That said, you can make it correspond to something. If $\mathcal{G}$ is the one-object groupoid, then you can consider functors $F : \mathcal{G} \to \mathcal{C}$ for various categories $\mathcal{C}$. This functor sends $G$ to an object $F(G)$ of $\mathcal{C}$; you can view this functor as selecting something for $G$ to correspond to.

For example, if $\mathcal{C} = \mathbf{Set}$, then more or less by definition, functors $F : \mathcal{G} \to \mathbf{Set}$ are the same thing as a left group action of the group $\hom(G,G)$ acting on the set $F(G)$.

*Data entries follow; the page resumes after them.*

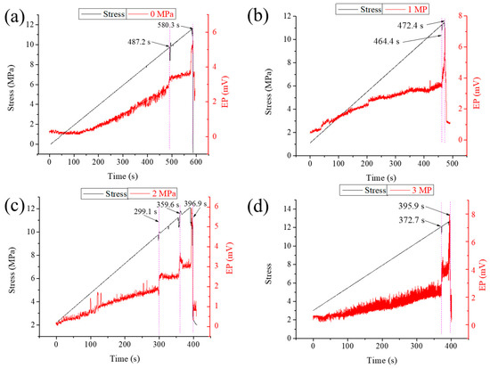 (3) As shown in Figure 11c, the EP maximum tended to occur before or after primary micro-cracks of specimens, which was the most significant characteristic of the EP abnormal response. With the increase of gas pressure, although the EP maximum slightly fluctuated, it generally rose, implying that gas pressure promoted the EP response and therefore EP maximum was at a high level, which was more valuable for analysis.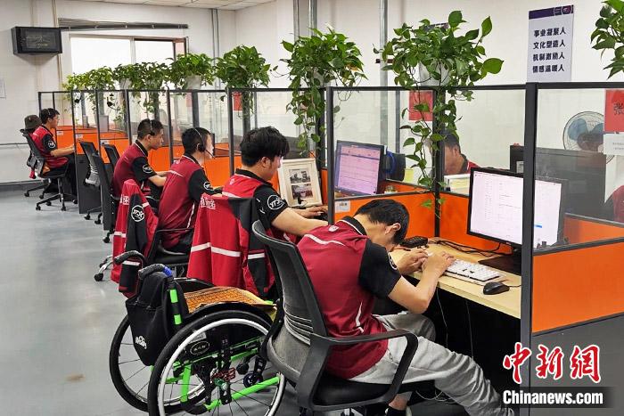 殘疾員工在圓通速遞從事客服工作。中新財(cái)經(jīng) 吳家駒 攝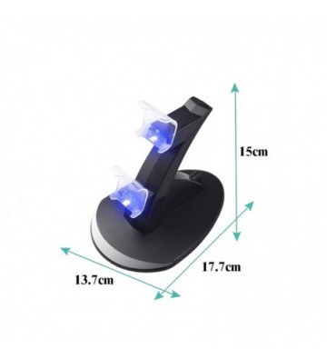 Stand de carga dual para mandos de PS4. • Led de estado de carga: rojo cargando, azul carga completa. • Alimentación a través del puerto USB, permite la carga simultánea de 2 mandos. • Incluye una conexión por cable que te permite cargar el mando sin dejar de utilizarlo. • Con un solo mando el tiempo de carga es de 2h; dos mandos simultáneos 4h. Salida de 5V de 200 a 400 mAH, Salida de 5V PVC Aleación_de_Metal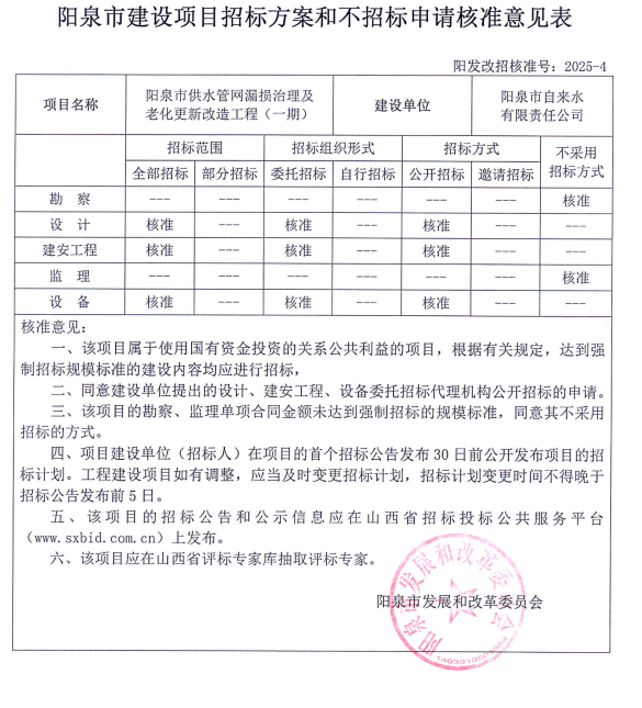 阳泉市供水管网漏损治理及老化更新改造工程(一期)招标方案和不招标申请核准意见表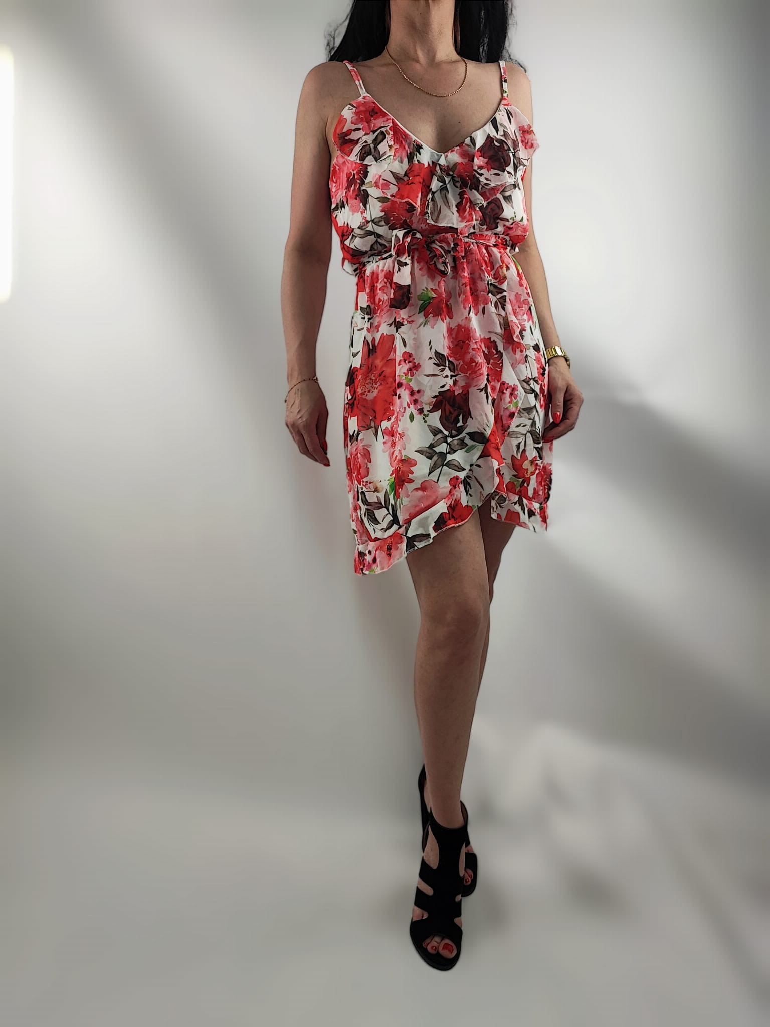Sukienka Szyfonowa Falbana Cienkie Ramiączka Czerwone Kwiaty Biały Uni.S/M/L

Similarly, if $\mathcal{C} = \mathbf{Vect}_{\mathbb{C}}$, then functors give representations of the group $\hom(G,G)$ acting on complex vector spaces, if $\mathcal{C} =\mathbf{AbGrp}$ we get left $\hom(G,G)$-modules, and so forth.

It is not terrible to interpret $G$ as a sort of universal "thing upon which $\hom(G,G)$ acts".


Alternatively, in the categorical approach to formal logic, we might consider the internal language of $\mathcal{G}$, and interpret $G$ as being the group, and each arrow in $\hom(G,G)$ gives a (generalized) element of $G$.

This interpretation is closely related to applying the Yoneda embedding to $\mathcal{G}$ and to the Cayley representation of the group $\hom(G,G)$ acting on itself.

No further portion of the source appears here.